Better Late Than Never – My take on Rob Bell’s “Love Wins” (Part 1)

    Amid the hubbub earlier this year over Rob Bell’s “Love Wins” I had several friends who either read or commented on it (or both).  I have not been a follower of Rob Bell (although I have seen one or two of his Nooma videos) and so, despite the fuss, I wasn’t terribly tempted to read it for myself… until Pam, a Facebook friend, challenged me to read it for myself.  Up until then, I had limited myself to sharing links to some really well-researched and well-written blogs about it by folks like Ben Witherington  and Dr. John Byron  (who was my Greek professor in Seminary).  I promised Pam that I would read the book but I still didn’t want to buy it so I put my name on a list at the local library and waited.  As luck (or the providence of God) would have it, the book came in just as we were preparing to leave for our church’s Youth Annual conference.  I attend this conference with our youth, but the youth, and the youth leaders attend the business meetings and I only attend the concerts and listen to the speakers.  As a result, I was able to squeeze in enough time to read through the book.
    I was going to re-read the book and take notes but if I had, I would be writing a six part post (instead of two) and I would have been late returning the book to the library.  Besides, other writers have more ably and more thoroughly dissected it already. 

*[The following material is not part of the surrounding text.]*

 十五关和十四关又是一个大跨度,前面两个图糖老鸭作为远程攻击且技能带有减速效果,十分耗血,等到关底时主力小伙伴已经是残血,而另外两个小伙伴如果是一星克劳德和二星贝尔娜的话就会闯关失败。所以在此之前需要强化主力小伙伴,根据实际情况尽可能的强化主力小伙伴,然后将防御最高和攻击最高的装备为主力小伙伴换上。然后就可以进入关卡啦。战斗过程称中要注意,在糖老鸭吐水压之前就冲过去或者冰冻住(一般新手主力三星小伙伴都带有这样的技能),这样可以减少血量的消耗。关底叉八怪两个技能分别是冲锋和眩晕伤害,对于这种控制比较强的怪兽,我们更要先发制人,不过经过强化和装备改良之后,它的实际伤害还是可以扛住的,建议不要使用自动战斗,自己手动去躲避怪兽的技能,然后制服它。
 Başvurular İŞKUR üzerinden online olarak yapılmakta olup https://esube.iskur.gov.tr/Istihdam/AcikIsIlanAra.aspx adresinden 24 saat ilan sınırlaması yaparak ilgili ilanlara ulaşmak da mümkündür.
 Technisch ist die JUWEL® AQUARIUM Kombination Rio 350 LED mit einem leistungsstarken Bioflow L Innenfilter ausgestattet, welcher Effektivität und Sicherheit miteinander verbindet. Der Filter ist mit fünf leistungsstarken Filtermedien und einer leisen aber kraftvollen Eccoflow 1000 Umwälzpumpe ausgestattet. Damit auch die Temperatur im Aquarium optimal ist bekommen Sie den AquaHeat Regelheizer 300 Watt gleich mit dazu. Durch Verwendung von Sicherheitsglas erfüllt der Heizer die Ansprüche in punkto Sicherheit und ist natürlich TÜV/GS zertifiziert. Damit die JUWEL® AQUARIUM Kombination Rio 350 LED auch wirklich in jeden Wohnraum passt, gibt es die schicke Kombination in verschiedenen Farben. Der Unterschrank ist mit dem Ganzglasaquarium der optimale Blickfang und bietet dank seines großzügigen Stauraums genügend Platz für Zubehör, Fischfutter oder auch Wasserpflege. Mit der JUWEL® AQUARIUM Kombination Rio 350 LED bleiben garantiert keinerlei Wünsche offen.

Frankly, the book made me sad.
    It made me sad because I really enjoyed reading it.  Rob Bell writes the way I talk.  He isn’t hung up in sentence structure or having perfect paragraphs but writes in a style that reflects how we speak with one another.  I find that style, occasionally, to be refreshing.  What’s more Rob Bell writes well, has many really great ideas and asks some very important questions.  Problems arise, however because of how Rob Bell proceeds after he has a good idea and after he asks a great question.
    Rob Bell seems to want to have things both ways.  He says that what Jesus did was done for us, with no exceptions, no confessions, and no believing required (p. 11), and yet he believes that this sort of Christianity should motivate us to do good.  Why?  If I believed that nothing is required of me in order to go to heaven, if I believed that I am not responsible for carrying the Good News to others (because nothing is required of THEM either), then what motivation do I have to do good or to tell others about the truth that I’ve found?